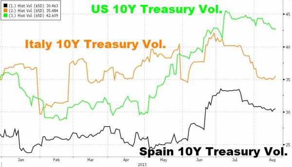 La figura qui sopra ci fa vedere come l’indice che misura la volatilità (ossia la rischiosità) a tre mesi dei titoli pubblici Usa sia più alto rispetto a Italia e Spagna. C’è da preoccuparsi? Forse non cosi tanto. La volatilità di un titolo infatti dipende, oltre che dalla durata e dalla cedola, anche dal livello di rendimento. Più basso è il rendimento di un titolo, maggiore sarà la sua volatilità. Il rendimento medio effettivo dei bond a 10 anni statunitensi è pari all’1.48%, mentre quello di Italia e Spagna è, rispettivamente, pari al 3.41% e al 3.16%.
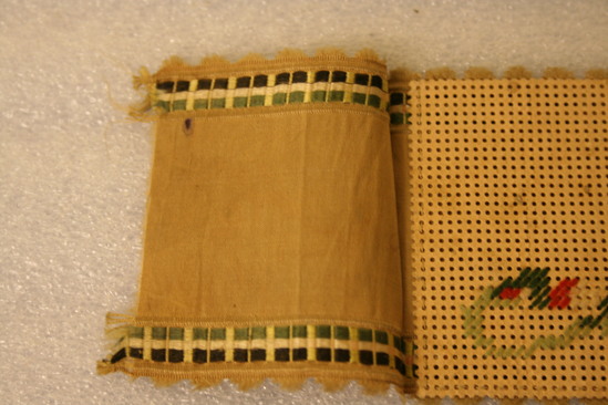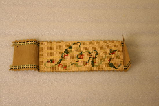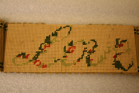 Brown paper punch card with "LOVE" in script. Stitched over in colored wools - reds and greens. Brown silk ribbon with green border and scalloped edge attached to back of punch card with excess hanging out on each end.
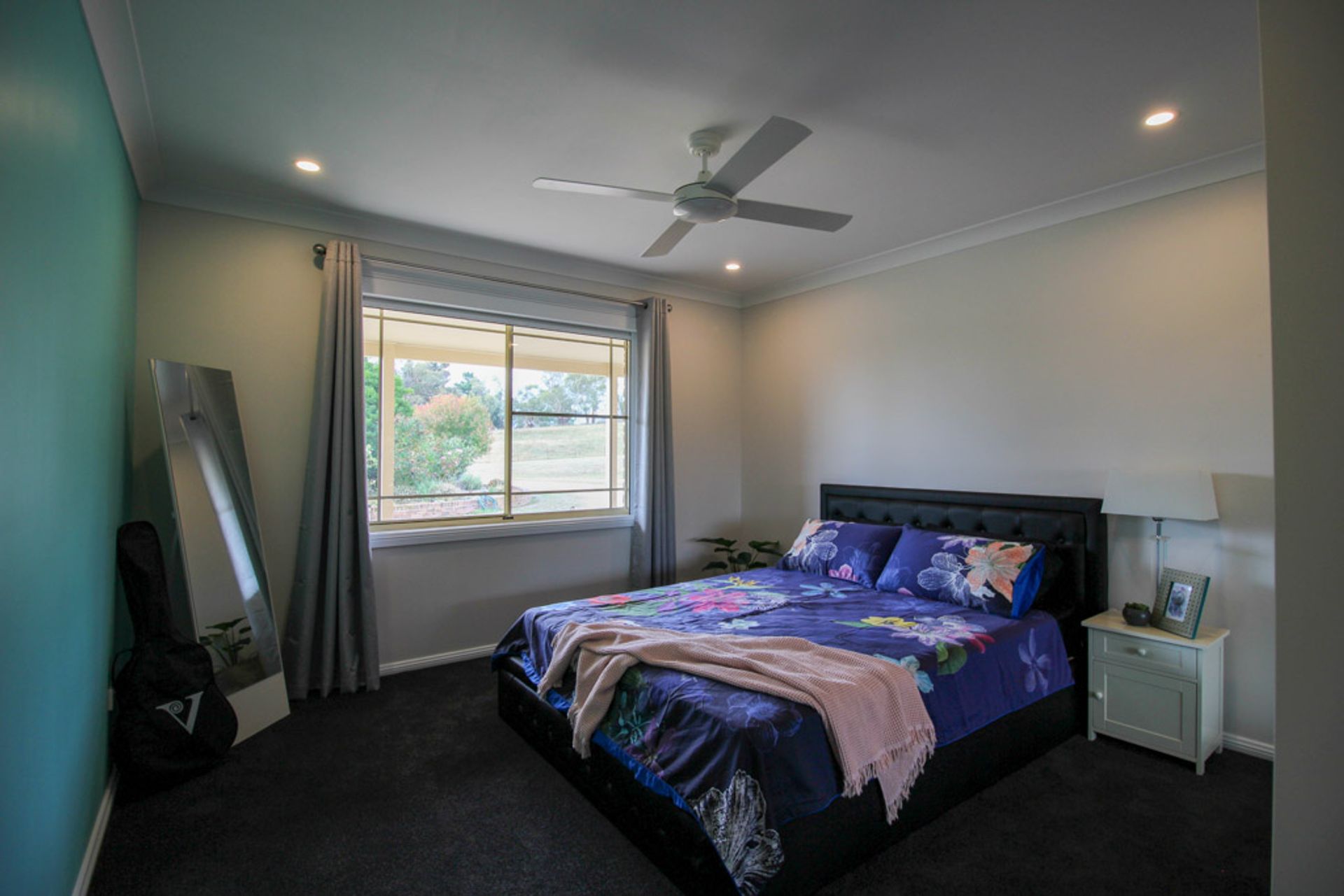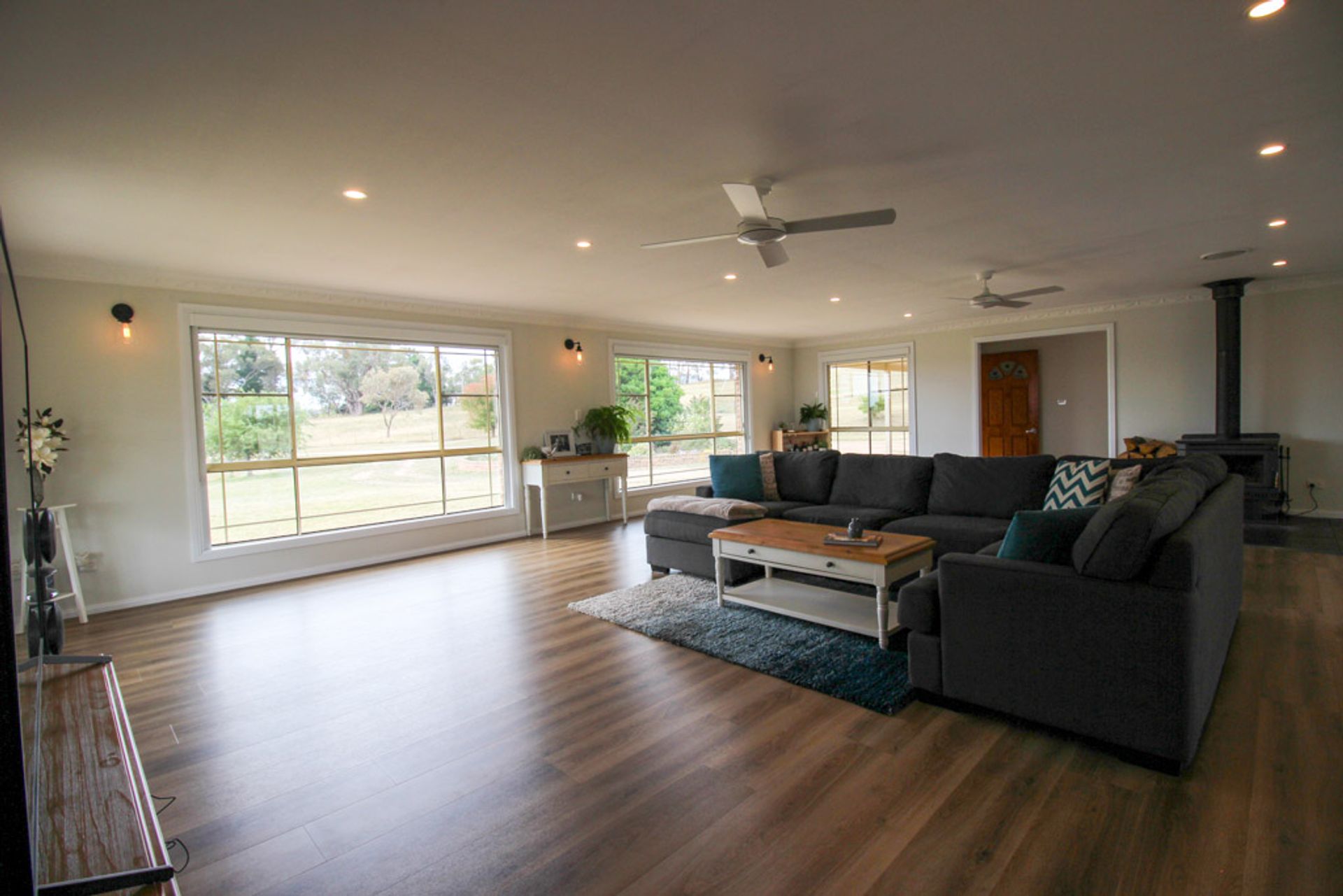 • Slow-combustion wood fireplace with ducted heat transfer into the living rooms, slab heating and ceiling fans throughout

-=-=-

* [Exercise aim]:
Give every line of the data above again as it stands; the pictures stay out.

* [Expected answer]:
 La figura qui sopra ci fa vedere come l’indice che misura la volatilità (ossia la rischiosità) a tre mesi dei titoli pubblici Usa sia più alto rispetto a Italia e Spagna. C’è da preoccuparsi? Forse non cosi tanto. La volatilità di un titolo infatti dipende, oltre che dalla durata e dalla cedola, anche dal livello di rendimento. Più basso è il rendimento di un titolo, maggiore sarà la sua volatilità. Il rendimento medio effettivo dei bond a 10 anni statunitensi è pari all’1.48%, mentre quello di Italia e Spagna è, rispettivamente, pari al 3.41% e al 3.16%.
 Brown paper punch card with "LOVE" in script. Stitched over in colored wools - reds and greens. Brown silk ribbon with green border and scalloped edge attached to back of punch card with excess hanging out on each end.
 • Slow-combustion wood fireplace with ducted heat transfer into the living rooms, slab heating and ceiling fans throughout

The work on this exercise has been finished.